Соня хорошо училась; Маша, изъ всего своего воспитанія, вынесла только умѣнье болтать по-французски; не смотря на щедрыя пожертвованія отца въ пользу разныхъ наставницъ заведенія, она считалась весьма посредственной ученицей.-- Соня была дѣвушка самаго мягкаго характера, любимая своими подругами; напротивъ Маша, пользовалась болѣе начальственныхъ расположеніемъ и между дѣвицами называлась: "отличкой." -- Соня была до крайности впечатлительна; каждая бездѣлица тревожила, огорчала ее; для Маши все было трынъ-трава.-- Соня, если кого любила, то любила искренно, всѣмъ сердцемъ, она никогда не измѣняла предмету своей дѣтской привязанности, съ полнымъ самоотверженіемъ готова была страдать за него, дѣлиться съ нимъ послѣднимъ.-- Маша мирилась и ссорилась съ своими подругами по нѣскольку разъ въ день.-- Соня смѣялась рѣдко, Маша рѣдко не смѣялась. Соня никогда не сидѣла сложивъ руки, работала и для себя и для другихъ; Маша заказывала свою работу и расплачивалась за нее отцовскими подарками.-- Соня обыкновенно одѣвалась чисто, опрятно; передникъ Маши былъ постоянно въ пятнахъ.
Что было общаго между двумя подругами -- это воспитаніе, если только можно назвать воспитаніемъ простую дрессировку нашихъ институтовъ.-- Съ дѣтства отданныя въ пансіонъ, онѣ обѣ одинаково прониклись его духомъ, въ одно розовое стекло смотрѣли на будущую жизнь, одинаково думали о блескѣ, роскоши, богатыхъ нарядахъ, одинаково мечтали, затвердивъ одну общую роль своего будущаго значенія въ свѣтѣ; программа ихъ будущаго была также одинакова: выпускъ, радость родныхъ, визиты, балы, театры, молодой статный женихъ, особенно военный, свадьба, наконецъ безмятежная супружеская жизнь, съ послѣобѣденнымъ сномъ и вѣчной зѣвотой. Другія, темныя стороны жизни не возмущали ихъ дѣтскіе сны.
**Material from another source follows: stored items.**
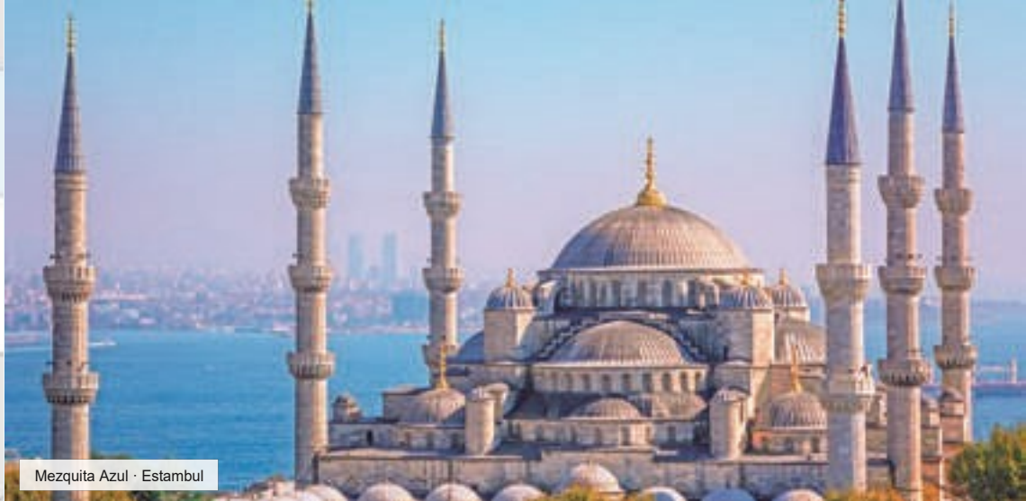
Mezquita Azul · Estambul
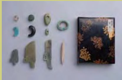
松浦武四郎旧蔵資料 馬角(静嘉堂文庫美術館蔵)
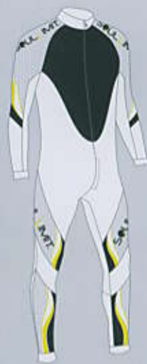
> col. S.YW
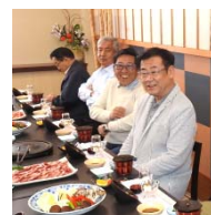
菊田会員・中道会員、写真をいつもありがとうございます。
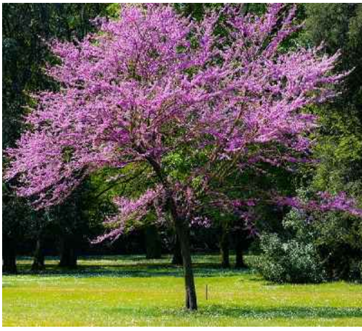
5. Albero di giuda Cercis siliquastrum
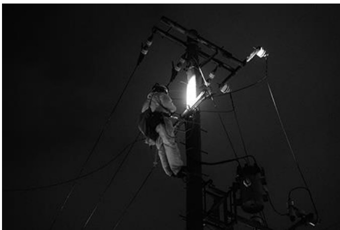
深夜に及ぶ復旧作業
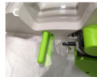
Wsuń początek folii na dyszę z powietrzem
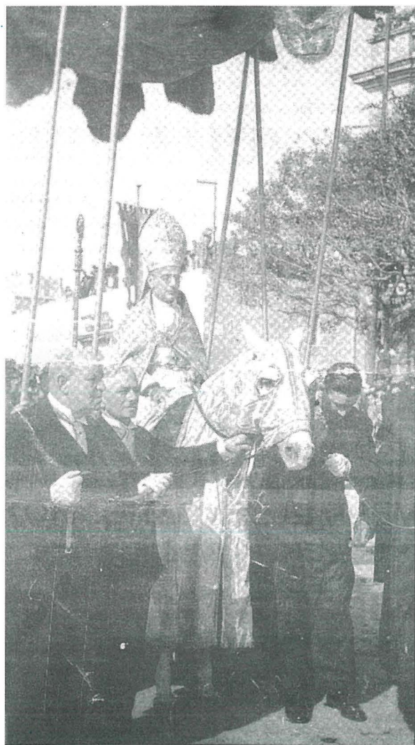
Fir-ritratt għandna epoka li spiċċat għal kollox. Naraw id-dhul solenni ta' l-E.T. Mons. Arcisqof Mikiel Gonzi, fil-belt l-antika ta' l-Imdina. Dan ir-ritratt ittiehed fit-22 ta' Mejju 1944. Nistgħu naraw il-mod kif hu armat iż-żwiemel li fuqu riekeb l-Arcisqof u l-baldakkin fl-gholi.

L-għada telaq mingħand id-Dumnikani bil-karrozzella akkumpanjat minn missieru f'oħra. Quddiemu kien hemm il-kanċillier tal-kurja fuq id-debba bis-salib ta' l-isqof u liebes l-ispellizza. Wara l-isqof imxew id-Dumnikani u l-ekonomu jew teżorier ta' l-isqof. Sadattant nies, qniepen u briju, tiżjin u musketterija kullimkien. Quddiem San Mark laqgħuh l-Agostin
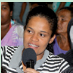
3. MARIANE PAVIMENTAÇÃO
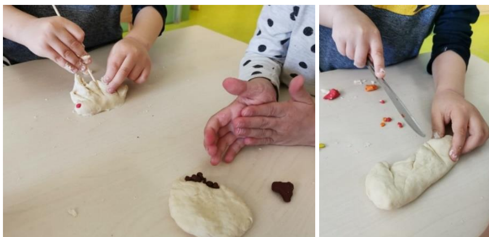
Slika 15. Oblikovanje pekarskih proizvoda

Likovnu aktivnost o temi „Dani kruha“ s vrtičkom skupinom „Medvjedići“ započela sam razgovorom, istraživanjem i čitanjem priče uz neke od fotografija. Najviše im je bilo zabavno istraživanje raznih površina oko sebe, odnosno u prostoriji u kojoj smo boravili. Prilikom glavnog dijela aktivnosti djeca su u pripremljenu posudu dodala sastojke te prvo miješala žlicom, a onda i rukama (slika 14.). Svatko od njih želio je probati umijesiti tijesto, a najviše su se zabavili stiskanjem tijesta kroz prstiće.
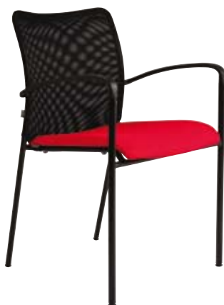
2. SPRING NET 25-06-70-1
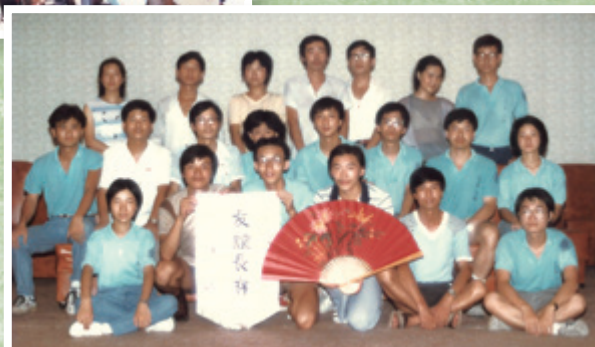
攝於1985年與杭州大學學生一場排球友誼賽之後，面上、身上都看得出我們的熱。
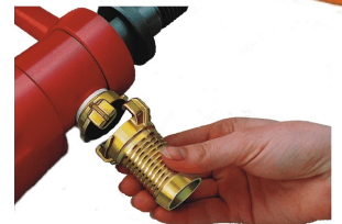
DK09: Saugtülle ankuppeln bereit zum Trockenbohren
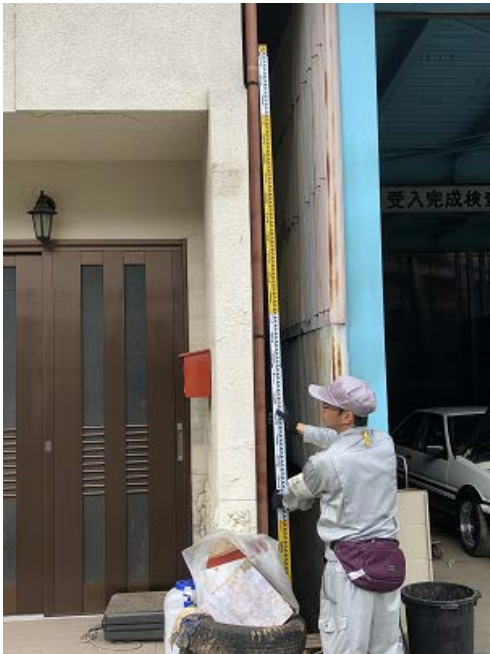
写真⑯(ダイハツ西1軒目)
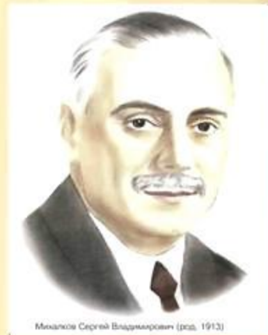
Михалков Сергей Владимирович (род. 1913)
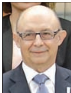
CRISTÓBAL MONTORO Hacienda y Función Pública
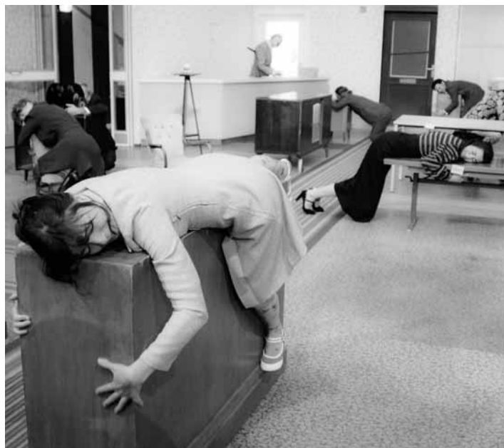
Riesenbutzbach. Une colonie permanente de Christoph Marthaler, présenté à Avignon en 2009.
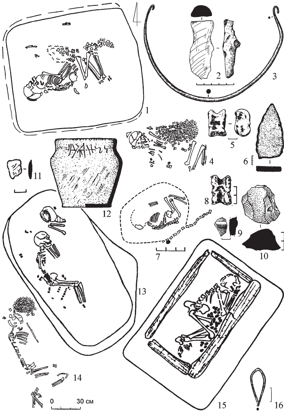
Рис. 1. Поховання з астрагалами Дніпро-Донської бабинської культури:

1-3 – Відродження II к. 2 п. 4; 4-6 – Макіївка к. 4 п. 1; 7-10 – Цимлянка I к. 3 п. 1; 11-13 – Мамай-гора п. 15; 14 – Шахтарськ к. 8 п. 3; 15-16 – Михайлики п. 13.
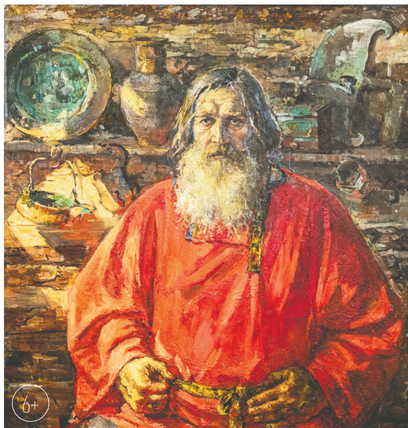
«Красная рубаха». 2019 г.
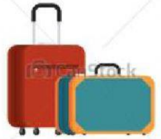
HIPERÓNIMO E HIPÓNIMO

Propagar- difundir Frágil- sólido Tuvo que cambiar todos los tubos Felinos- tigre Psiquiatra-oculista- cardiólogo Amplio- reducido Esta tarde llegaré tarde Deseo que se cumplan todos vuestros deseos Pedir- conseguir Idéntico-diferente Tras saber que su herida no tenía cura, hicieron venir al cura para darle la extremaunción Excusa- disculpa Cuando llegue a cuarto tendré mi propio cuarto porque necesitaré más espacio Ojear- hojear Febrero- meses Inverosímil- increíble Pico (herramienta)- pico (extremidad de las aves) No creo que haya hayas en ese bosque Culto- ignorante Cerca de esa valla hay bayas venenosas Aragón- Cataluña Humilde- sencillo
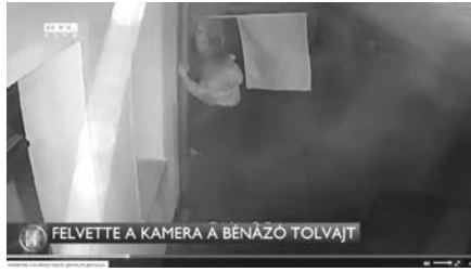
A tolvaj ellopja a születés zászlóját – RTL Híradó
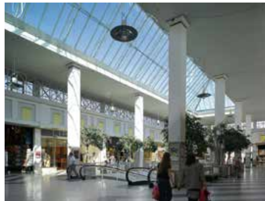
Belle-Ile Shopping Center / Luik
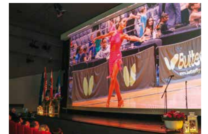
Videom kroz uspjehe sportaša i rekreativaca u 2025.

Быстро докатила карета его превосходительства и остановилась у одного изъ подъѣздовъ на Литейной.-- Соскочившій съ козелъ лакей отворилъ дверцы, Марья Григорьевна выпрыгнула, за нею вышелъ Григорій Сергѣичъ и, подъ руку съ дочерью, поднялся по устланной ковромъ и уставленной цвѣтами лѣстницѣ.-- Въ передней ихъ встрѣтилъ статный гвардейскій офицеръ, братъ Маши.
-- Bonjour Marie, mon Dieu, какая ты пышная! говорилъ онъ, цѣлуя сестру и оглядывая ее съ ногъ до головы.-- Дай руку, я тебя представлю нашимъ знакомымъ.
Дѣйствительно, въ гостинной толпа гостей, и мужчинъ и женщинъ, ожидала отца съ дочерью.
-- Григорій Сергѣичъ! Марья Григорьевна! честь имѣемъ поздравить; наконецъ-то, -- quelle charmante personne!... давноли я знала ихъ маленькихъ; какъ похорошѣла, выросла, какая радость! какъ разцвѣли, пополнѣли! раздались отвсюду заученые возгласы.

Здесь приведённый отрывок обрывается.